By then, a global public had come to adore his elliptical mazes of twisted Cor-Ten steel, the culmination of his sculptural pursuits. They were democratic adventures, depending on what you brought to them. A moviemaker once told me that walking through them reminded him of an unspooling film, with twists and turns leading to a surprise ending. A writer on the Holocaust once likened their high walls to pens.

I always found them to be serious fun. They concentrate the mind, stirring fear and anticipation, changing inch by inch, step by step. Serra magically transforms folded, tilting walls of rolled steel into what can almost resemble planes of melted wax. Passages, like caves or canyons, narrow and looming, suddenly open onto clearings. When Serra was given a retrospective at the Museum of Modern Art in 2007, one of the most spectacular shows of the current century, I found a trio of half-naked sunbathers reclining on the ground inside “Torqued Ellipse IV,” which occupied a patch of the museum’s garden.

So what changed over the years to bring the public around?

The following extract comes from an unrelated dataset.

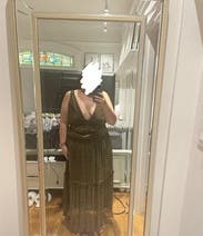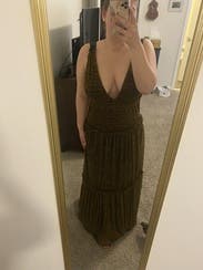 Im usually a size 10 in dresses but I sized down about 4 sizes (to a 6) and really believe I could have gotten a size 2 and fit into the dress. It’s a super beautiful dress, but definitely runs on the larger side. It’s is also supposed to have that semi flowy look. I was afraid to wear it because the 6 was still too big so the top/straps were falling. Size down and you should be fine!

I’m not sure it was Serra, who stuck to his guns. There is a work by him called “1-1-1-1,” from 1969, which consists of three tilting steel plates held erect by a pole resting on top of them, itself stabilized by a fourth plate teetering on its end. It looks scary and precarious, but the balancing act can also remind you of Buster Keaton.

It used to be described as obdurate and menacing. But that is not, I don’t think, how Serra ever saw his work. After the MoMA retrospective, I passed a late summer afternoon in Italy, watching Serra patiently, quietly accompany my older son, who was still in grade school, around the ancient temples at Paestum. Serra spoke, as if to an adult, about the swell of the weathered columns, the weight of the stones, the way the stones balanced on top of one another and held each other up. For him, sculpture distilled to its essential qualities — mass, gravity, weight, volume — was our shared language and legacy, an eternal poem to which great artists add their contributions over the centuries.

“I don’t know of anyone since Pollock who has altered the form or the language of painting as much as he did,” he told me back in that gallery with “Autumn Rhythm.” “And that was, what, almost half a century ago?”

It’s hard to think of artists who have done more than Serra over the last half century to alter the form and language of sculpture.